▶ _What is expected_: Whenever a line in the data contains "برای", show that line.

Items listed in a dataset

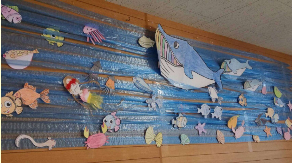
認知症A病棟 作品 より
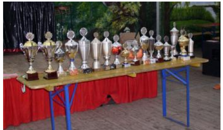
Die Pokale für die neuen Majestäten und Gewinner warten schon
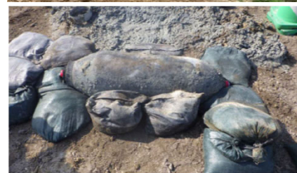
那覇空港滑走路において発見された250kg爆弾(令和2年4月)
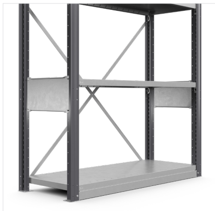
Sokkeli Korkeus: 40 mm Leveys: 1000 mm, 1300 mm
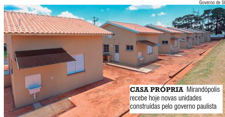
CASA PRÓPRIA Mirandópolis recebe hoje novas unidades construídas pelo governo paulista

As famílias inscritas devem observar datas, horários e locais definidos em edital para partici-
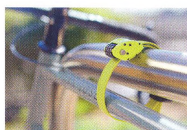
52 NETRADIČNÍ ZÁMKY Specifická ochrana
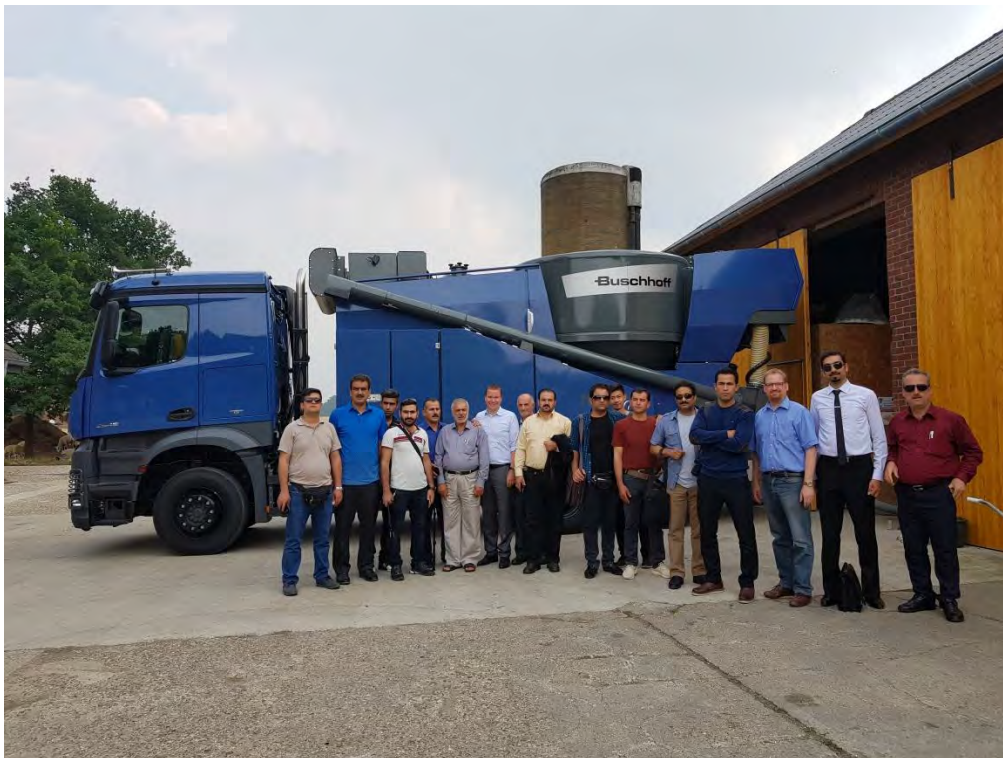
بازدید میدانی از مزرعه و ماشین آلات سیار آسیاب و مخلوط کردن گندم برای تولید خوراک دام و مشاهده عملکرد
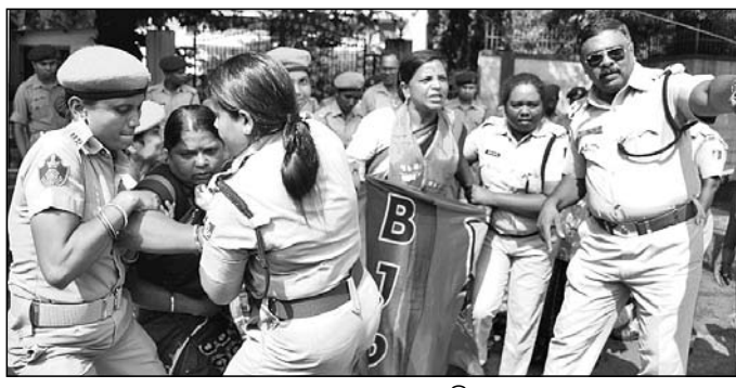
ଆନ୍ଦୋଳନକାରୀଙ୍କୁ ପୋଲିସ୍ ଅଟକାଇବାକୁ ଚେଷ୍ଟା କରୁଛି।

ଭୁଲ୍ କଥା କହିନି ବୋଲି ମହାରଥୀ କହିଛନ୍ତି। ମହାରଥୀ କହିଛନ୍ତି ଯେ, ବିନା କାରଣରେ ମୋ ବକ୍ତବ୍ୟକୁ କଦର୍ଥ କରିବାର ପ୍ରୟାସ କରାଯାଇଛି। ମୁଁ ଏପରି କିଛି କହି ନାହିଁ। ସୋସିଆଲ ମିଡିଆ ଏବଂ ଗଣମାଧ୍ୟମରେ ମତେ
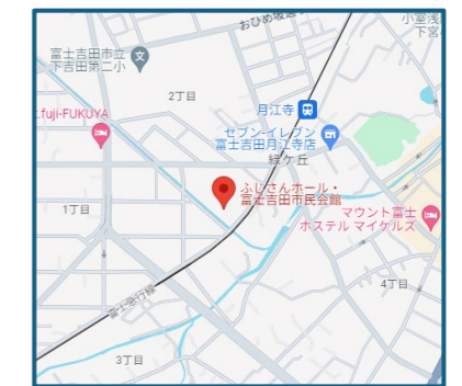
⑥富士吉田会場 (富士吉田市緑ヶ丘2-5-23)
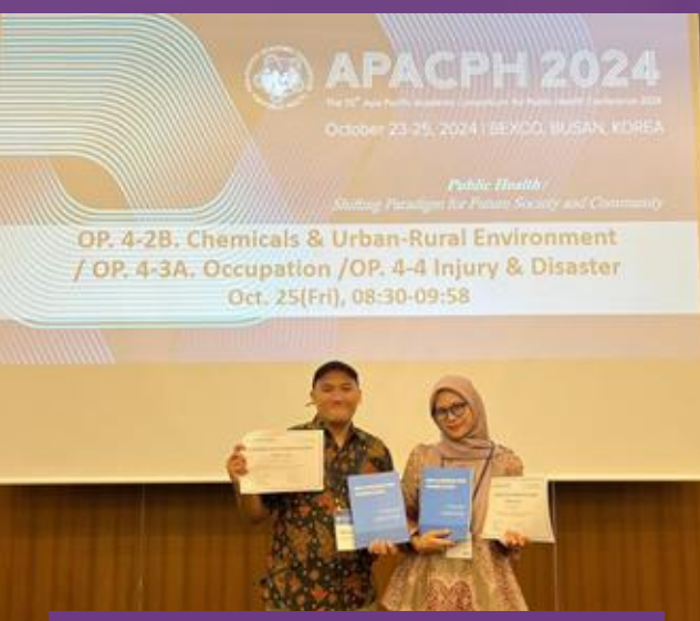
Best Oral Presentation pada The 55th APACPH 2024 di Seoul
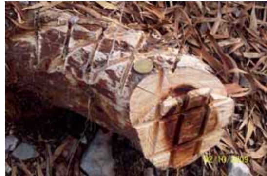
Foto 47: en la foto, se aprecian las heridas practicadas con la motosierra para facilitar la penetración en el tocón de la mezcla Roundup y Gasoil.
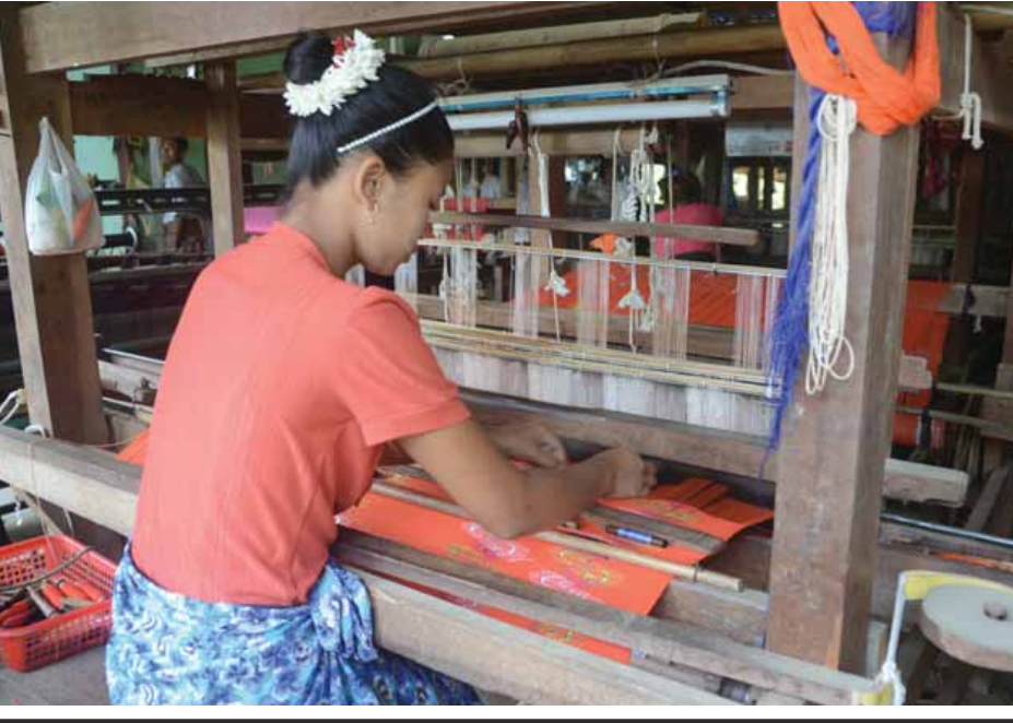
ရွှေကျားရခိုင်ရက်ကန်းလုပ်ငန်းခွင်တွင် ရက်ကန်းရက်လုပ်နေစဉ်။

ရက်ကန်းစင်သုံးစင်နှင့် မိသားစုတစ်ပိုင်တစ်နိုင်
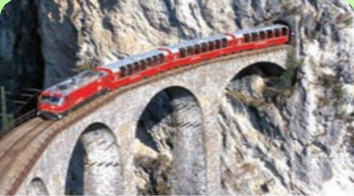
احداث تونل و پل برای عبور قطار در ناحیه‌ای کوهستانی و برف‌گیر - سوئیس
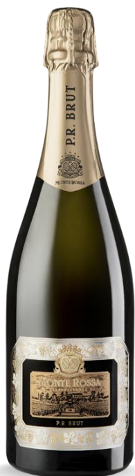
MONTEN ROSSA P.R. BRUT
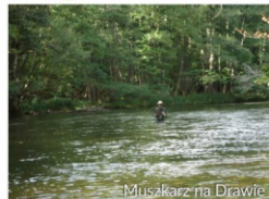
Muszkarcz na Drawie
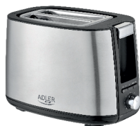
TOASTER 2 SLICE AD 3214
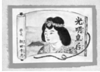
手作り絵本『光明皇后』(表紙)
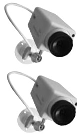
7. Szereljen egyaránt álca és valódi kamerákat.
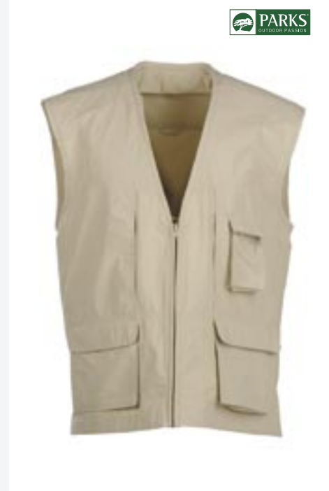
PK01 Palmer Outdoorweste Parks
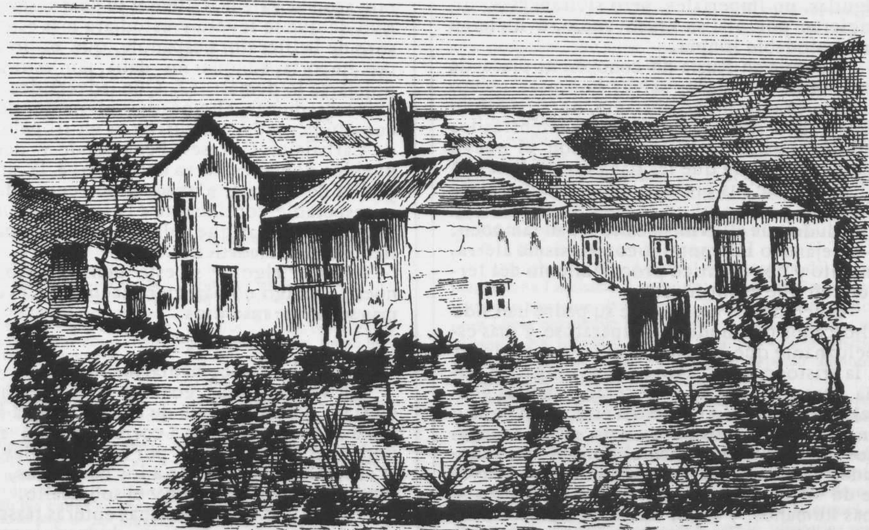
ZAMORA.—Casa-hospedería en la inmediaciones del lago de Sanabria.

1.º Los señores no suscritores de dentro y fuera de la capital que se han acercado á nuestra redaccion ó escrito á la misma deseando serlo en adelante y pidiendo colecciones de este semanario, se servirán, si gustan favorecernos, remitir á dicha redaccion notas de nombres y apellidos pues deseando corresponder nosotros á tan inmerecido favor, nos proponemos, despues de formar lista de los peticionarios, hacer reimpression de los números agotados, porque al hacer las tiradas anteriores aunque se incluyeron ejemplares en número superior al de suscritores, los pedidos é ingresos sucesivos han consumido nuestro fondo de reserva.—Los señores que vienen honrándonos con la ayuda de su suscripcion desde el principio, pueden tambien revisar sus colecciones, y si se les hubiere extraviado algun número, tengan la bondad de avisar á esta redaccion para suministrárselo en cuanto se reimprima.—2.º—Terminado con este número el segundo mes de la publicacion, los Sres. suscritores de FUERA DE LA CAPITAL que no han remitido aún el importe de su suscripcion correspondiente á los dos meses vencidos, se servirán remitirlo ántes del 15 de Mayo próximo, pues de otro modo se calcularán como bajas para el efecto de la reimpression que se proyecta y no podremos ya servirles mas números para poder atender á otros señores que nos favorecen con su puntual pago.
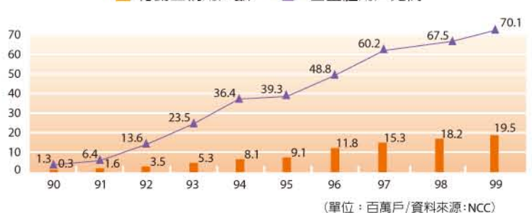
(單位：百萬戶)
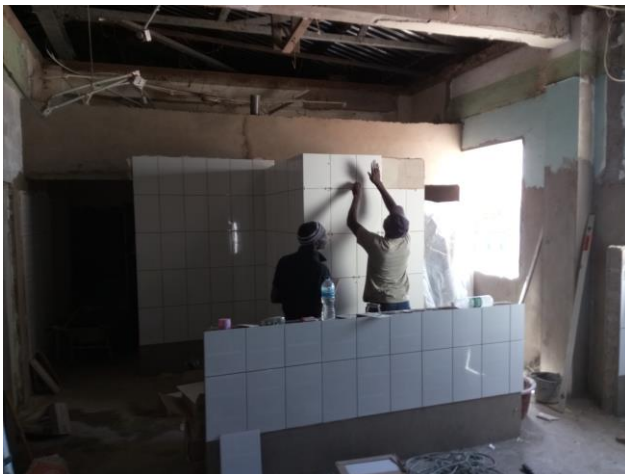
Tegels op wand van omkleedkamer
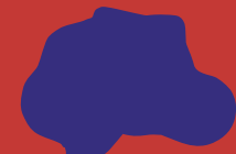
TONY CRAGG (Glasgow, 1949) Early Forms, oplage 3/3, 1993 brons, 75 x 100 x 130 cm Rabo Bouwfonds
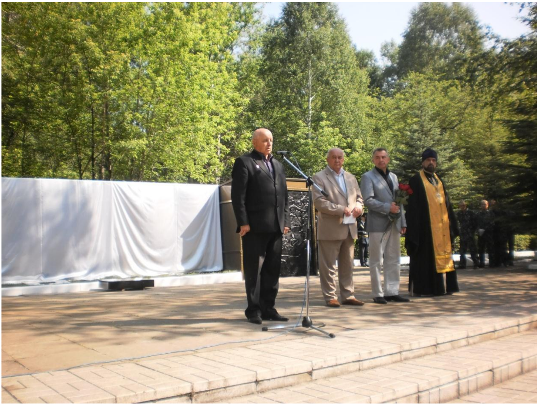
Выступление на митинге
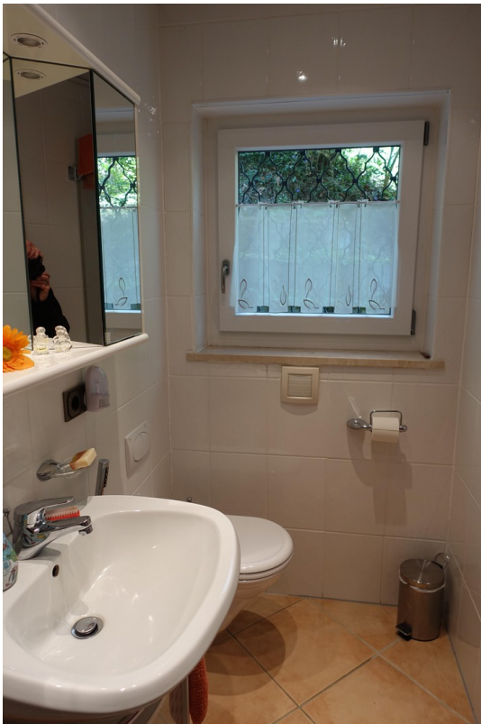
Bad UG 1
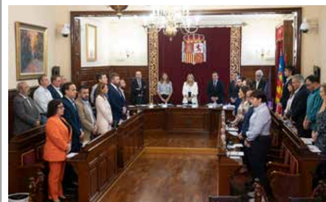
Pleno de la Diputación.
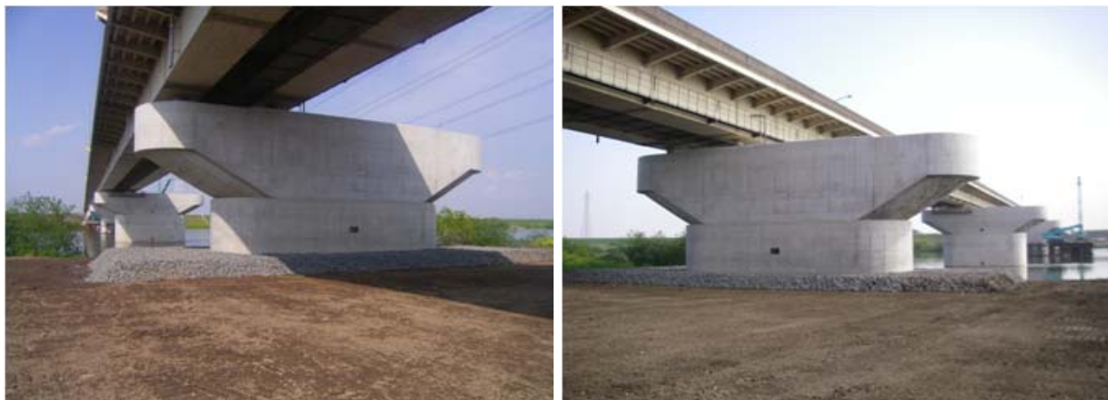
完成又は施工状況写真
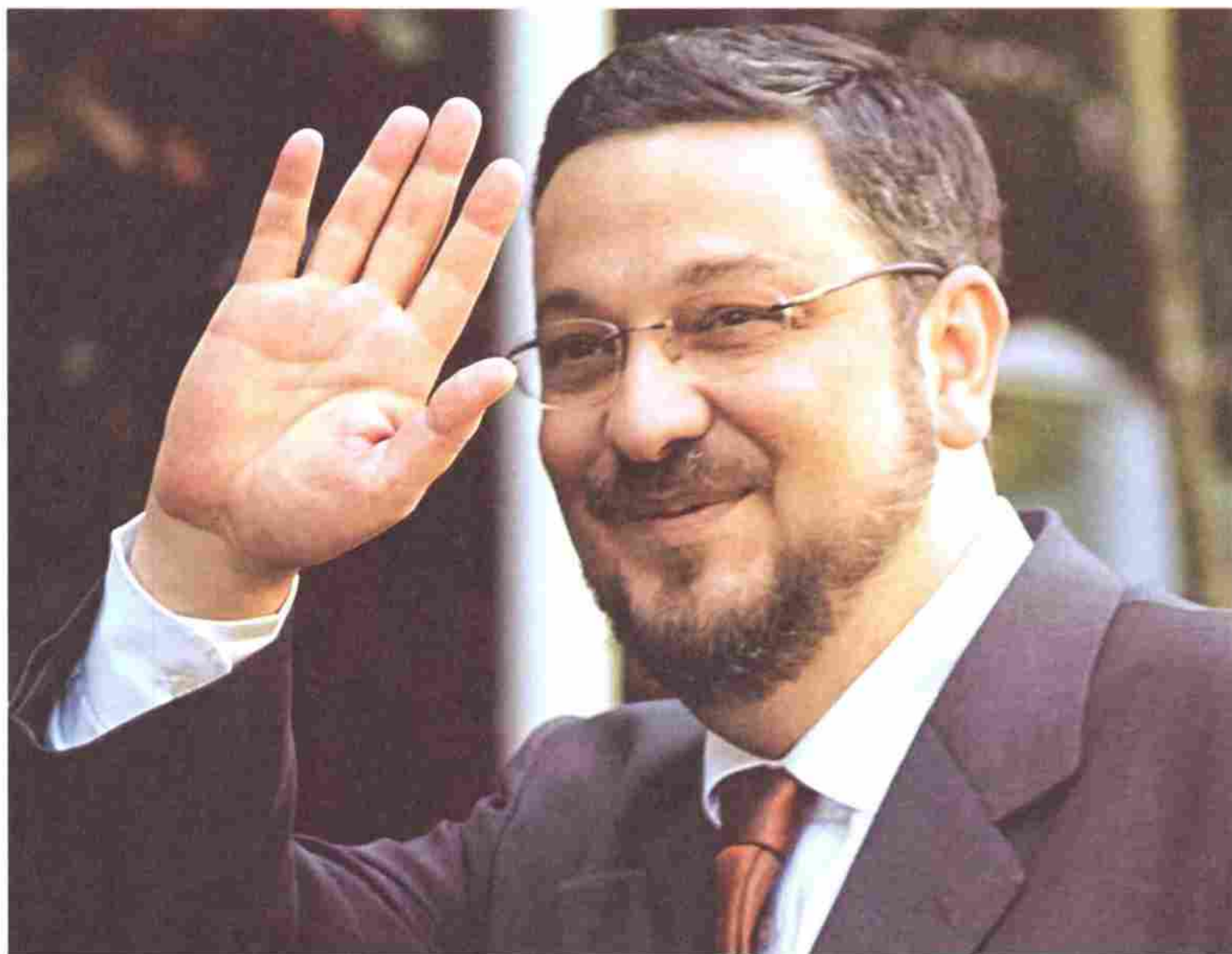
O ministro da Fazenda, Antônio Palocci, acena ao chegar para uma reunião no Ministério do Planejamento

PARA LULA, CORTE DE 0,5 PONTO, O PRIMEIRO EM 11 MESES, INDICA QUE O BRASIL ESTÁ PRONTO PARA CRESCER
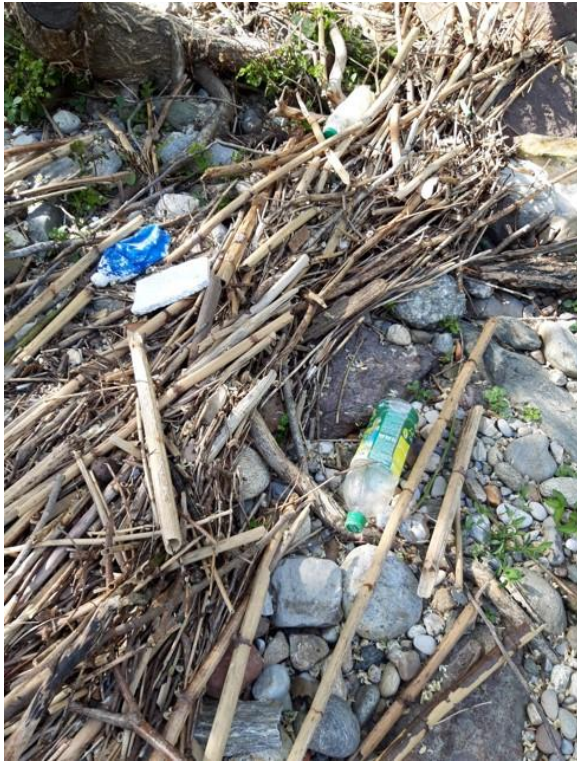
Rifiuti, rami, detriti portati dal fiume
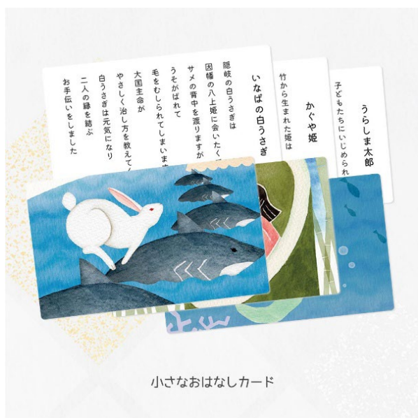
小さなおはなしカード
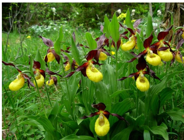
Slika 6. Cypripedium calceolus L.

U Hrvatskoj je jedina vrsta Cypripedium calceolus L. (Slika 6.). Ovo je vrsta koja ima najneobičnije i najveće cvjetove. Uspravna stabljika, visoka 15 do 60 centimetara, koja izraste iz razgranatog podanka, a na vrhu stabljike razvija 1 - 2 velika cvijeta, ugodnog je mirisa (poput marelice). Medna je usna mjehurasto napuhana i podsjeća na papučicu, zlatne je ili limunasto žute boje. Listovi su ušiljeni sa izraženim žilama. Raste na sjenovitim i vlažnim mjestima i na čistinama gorskog područja. Također spada u ugrožene vrste, ali je i zaštićena Zakonom o zaštiti prirode (6.7.1972., NN 42/72). Cvate u svibnju i lipnju.

▶ _Completed task_:
بازدید میدانی از مزرعه و ماشین آلات سیار آسیاب و مخلوط کردن گندم برای تولید خوراک دام و مشاهده عملکرد
احداث تونل و پل برای عبور قطار در ناحیه‌ای کوهستانی و برف‌گیر - سوئیس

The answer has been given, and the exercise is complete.